Тиммерман пожал плечами.
– Бог его знайт. Не понимай я, гозудар, по корабельный дела. Вот из Немецкий слобод голландец Карштен Брант[106], тот всё знай. Он при батюшка твой, при cap Алекзей Михайлович, бил строил корабль «Орёл».
– Корабль?
– Корабль, мой cap. Атаманом Степан Разин делал его пожар этот корабль.
Пётр приказал немедленно доставить Бранта в Измайлово, но едва вышел из сарая, как его перехватили Борис Алексеевич и Стрешнев.
– Матушка дожидается: молебен служить и в дорогу.
Одна за другой из царской усадьбы выехали кареты и колымаги.
Царскую семью и ближних провожали далеко за околицу конные роты преображенцев и семёновцев.
Прощаясь с государем, потешные трижды выпалили из пистолей и, прокричав «ура», помчались назад.
На пути Пётр выпрыгнул вдруг из кареты и, расставив широко руки, побежал навстречу какому-то немцу.
– Фридрих! – дружески облобызался он со знакомым жителем Немецкой слободы. – Не ко мне ли путь держишь с какой диковинкой?

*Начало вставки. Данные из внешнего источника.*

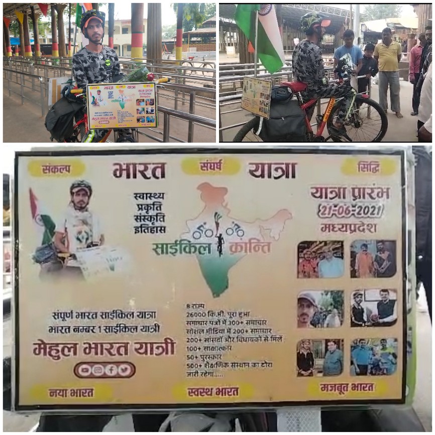 रतनपुर – देश की संस्कृति, प्रकृति, स्वास्थ्य और इतिहास को जानने और लोगों को जागरूक करने की मंशा से मध्यप्रदेश से एक युवक पूरे भारत की यात्रा सायकल से करने निकला है, जिसनें 21 जून 2021 को अपनी यात्रा की शुरुआत की और अब तक 8 राज्यों की लगभग 28 हजार किलोमीटर की यात्रा पूरी कर अब छत्तीसगढ़ पहुँचा है,

Бояре, чтобы не видеть, как государь «поганится богопротивным духом», отвернулись. Раздражённая царица резко окликнула сына.
Печальная, с красными от слез глазами, встретила Софья гостей.

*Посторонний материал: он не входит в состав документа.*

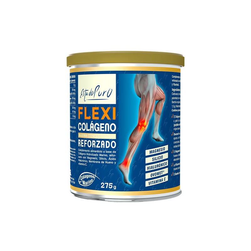 El Magnesio contribuye al normal funcionamiento de los músculos y huesos. Ayuda a reducir el cansancio y la fatiga, contribuye al equilibrio electrolítico y al normal metabolismo energético. La Vitamina C contribuye a la formación de colágeno para el funcionamiento de los huesos y cartílagos. El Bambú ayuda a recuperar el confort articular, la movilidad y flexibilidad.Composición de Flexi Colágeno Reforzado 275 g

– Вот и испытание послал нам Господь! – болезненно покривилась она и, по монастырскому чину, метнула поклон брату и мачехе.
Салтыков сочувственно поглядел на царевну. Ему пришлось по мысли, что Софья в минуту, когда стране угрожает напасть, позабыла о сварах и встретила врагов с «Христовым смирением».
Наталья Кирилловна выругалась про себя: «Лиса! Вздумала ласкою обойти, покель в бранях будет Русь пребывать. Страшишься, распутная, чтоб не сковтнули тебя Нарышкины! Ан не обманешь, лукавая!» И низко поклонилась:
– По здорову ль, царевнушка?
– По здорову, царица. На добром слове спаси тебя Бог.
В палате, на сидении Милославский передал Емельяну Украинцеву для прочтения ответ Селим-Гирея.
– Читай!
Дьяк перекрестился, загнусавил быстро, так что никто почти ничего не понял, и лишь под конец, как на ектений, оглушил всех раскатистым басом:
«Воля ваша, от нас задоров вам не было; мир нарушили вы; а мы к дружбе и недружбе готовы».
Бояре с омерзением сплюнули и засучили рукава.
– Бесчестье! Некрещёный татарин отписывать государям дерзает, что к недружбе готов! Неужто смолчим мы?!
Стрешнев и Салтыков пали на колени перед царями.
– Не попустите! Повелите ратью идти на дерзновенных!
Иоанн потёр глаза и распустил лицо в добродушнейшую улыбку.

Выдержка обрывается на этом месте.